Abstract
COVID-19 has shown a relevant heterogeneity in spread and fatality among countries together with a significant variability in its clinical presentation, indicating that host genetic factors may influence COVID-19 pathogenicity. Indeed, subjects carrying single pathogenic variants of the Cystic Fibrosis (CF) Transmembrane Conductance Regulator (CFTR) gene – i.e.
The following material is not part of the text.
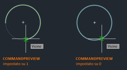 Verificare che la variabile di sistema COMMANDPREVIEW sia impostata su 1. Quando l'anteprima del comando è attivata, viene visualizzata un'anteprima dei risultati mentre si utilizza un comando.

CF carriers – are more susceptible to respiratory tract infections and are more likely to undergo severe COVID-19 with higher risk of 14-day mortality.
Given that CF carrier prevalence varies among ethnicities and nations, an ecological study in 37 countries was conducted, in order to determine to what extent the diverse CF carrier geographical distribution may have affected COVID-19 spread and fatality during the first pandemic wave.
The CF prevalence in countries, as indicator of the geographical distribution of CF carriers, significantly correlated in a direct manner with both COVID-19 prevalence and its Case Fatality Rate (CFR). In a regression study weighted for the number of tests performed, COVID-19 prevalence positively correlated with CF prevalence, while CFR correlated with population percentage older than 65-year, cancer and CF prevalence. Multivariate regression model also confirmed COVID-19 CFR to be associated with CF prevalence, after adjusting for elderly, cancer prevalence, and weighting for the number of tests performed.
This study suggests a putative contribution of population genetics of CFTR in understanding the spatial distribution of COVID-19 spread and fatality.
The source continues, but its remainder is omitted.